Adiciona-se a essa extraordinária oportunidade estratégica que o Brasil afinal detém, o rico conteúdo em gás do pré-sal,  não só para suprir com abundância a demanda por parte da indústria e do consumo doméstico, mas também pela presença de matéria-prima para fabricação de fertilizantes, outra fragilidade nacional na medida em que o nosso importantíssimo agronegócio, uma das principais colunas de nossa economia, depende de fertilizantes importados. Também é igualmente rico em insumos básicos para a produção petroquímica, setor importante da economia moderna.
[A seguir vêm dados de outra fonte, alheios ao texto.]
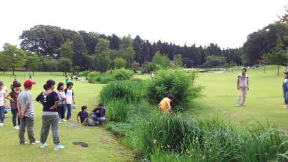 公園で楽しく遊んでいます。水路を飛び越すのに挑戦するのが流行っています。見事成功すると大きな拍手が!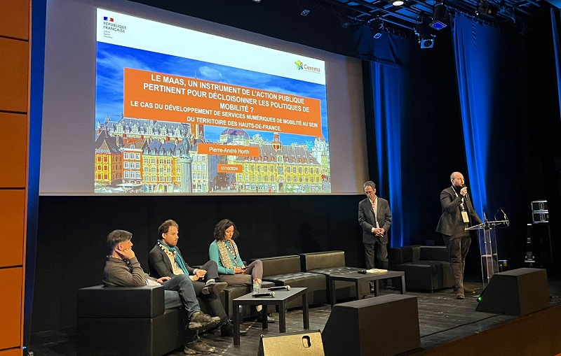 Pierre-André Horth, chercheur au Cerema (laboratoire MATRIS ) a présenté travaux issus de sa thèse publiée à l’automne 2024. Il a notamment présenté son analyse du potentiel du décloisonnement de la mobilité par les services numériques de mobilités appelés MaaS en prenant le cas d’usage du territoire des Hauts-de-France.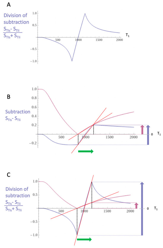 Divided subtracted IR (A), subtracted IR showing contrast (B) and divided subtracted IR showing contrast (C) images. (A) shows division of the SIR T1-filter (B) by the addition T1-filter (C) to give the dSIR T1-bipolar filter. (B) shows comparison of the conventional IR STIs T1-filter (pink) and the SIR T1-filter (blue) for a small increase in T1 (horizontal green arrow, ΔT1). (C) is a comparison of the STIs T1-filter (pink) with dSIR T1-filter (blue) for the small increase in T1. In (B), the contrast produced by the SIR T1-filter is twice that produced by the IR T1-filter (blue and pink arrows). In (C), the contrast produced by the dSIR T1-bipolar filter is ten times greater than that produced by the IR T1-filter (blue and pink arrows).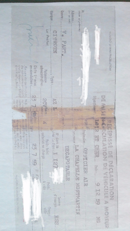 Au retour du Sénégal, pour la retraite, les arrières grand parents achètent la 2CV en 59.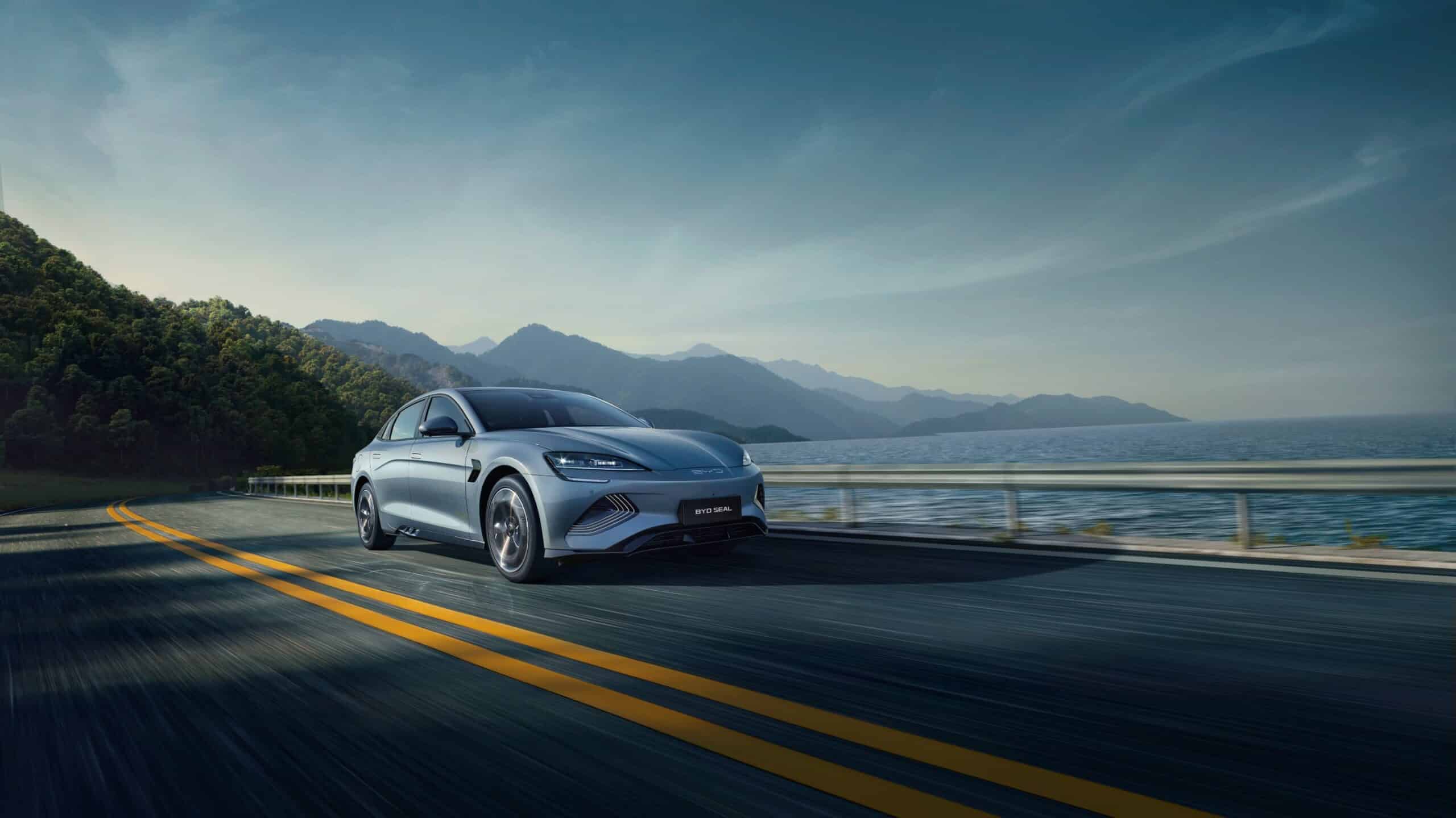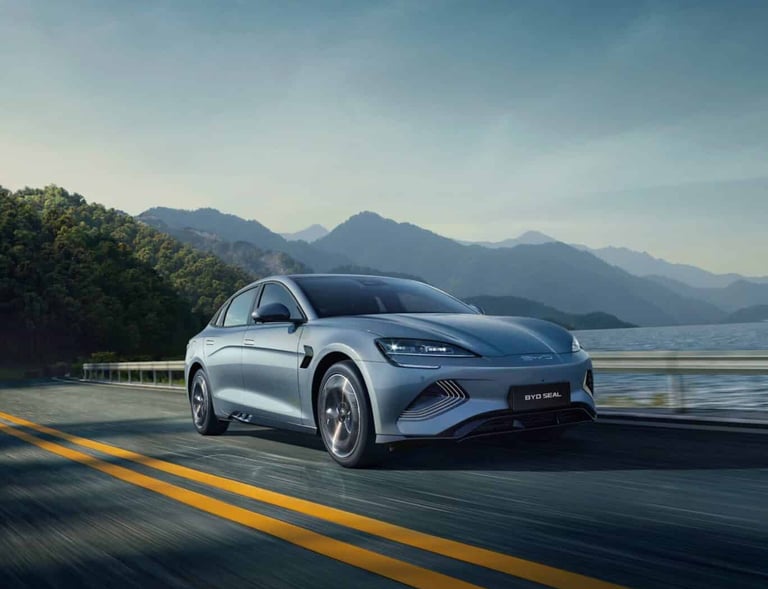 BYD Seal desain sporty-futuristik, bodi coupe ramping, lampu LED tipis, interior modern dengan layar besar & material premium.

Entretanto, essa autonomia não representará soberania se não estiver baseada, concretamente em tais pressupostos. É este o perigo que sentimos com o ensaio de desnacionalização por setores do atual Governo. A soberania nacional é mais importante do que um momentâneo e temporário alivio financeiro que a venda do Pré-sal poderia proporcionar.

No Mundo: 

Se o imenso potencial de destruição tem impedido o conflito bélico direto entre ao EUA e a Rússia, tem propiciado oportunidades cada vez maiores de guerras periféricas. O nosso País se crê distante da guerra geopolítica, mas está no centro. É impossível deixar de perceber a analogia da situação atual com as vésperas da II Guerra entre as potências centro-europeias e as democracias ocidentais. Naquela ocasião a Alemanha precisava de matérias prima e a Inglaterra queria manter seu mercado.

Ambos os lados mantinham as pressões, o lado ocidental até com a ameaça velada do uso da força. Militarmente éramos insignificantes, quer como aliados, quer como inimigos, mas a posição geográfica do nosso Nordeste tornava-se mais e mais importante para as democracias, a medida em que os EUA se aproximavam da guerra.

A situação atual assemelha-se a histórica, agora com o antagonismo EUA/OTAN x China/Rússia, sendo que a importância da posição do Nordeste pode ser substituída pela importância das jazidas do Pré-sal e tendo a China como sócia em uma área de influência dos Estados Unidos, o Brasil está na linha de impacto de um megaconflito entre Ocidente e Oriente, se chegar a acontecer.

Nos primórdios da II Guerra houve a Guerra da Abissínia, de tão pouco interesse para nós como as do Iraque e a ocupação dos Sudetos, similar a atual ocupação da Ucrânia.

Até aí tudo bem. Agora, como então nos interessa a neutralidade mas na II Guerra fomos forçados a tomar posição por manobra psicológica e ameaça de invasão do Nordeste e agora o objeto ambicionado é o Pré-sal. A manobra psicológica já começou.

Caso se ampliem as guerras periféricas não é necessário uma guerra geral para garantir o suprimento e a nossa debilidade militar está, em termos similar a da época da II Guerra.  Deu para entender?

Se ainda não, lembro a citação de Bismark “Riquezas naturais de posse de povos que não querem ou não podem explorar deixam de ser uma vantagem par se tornar um perigo para seus detentores.

Que o Deus dos Exércitos nos dê coragem porque a força nós podemos criar.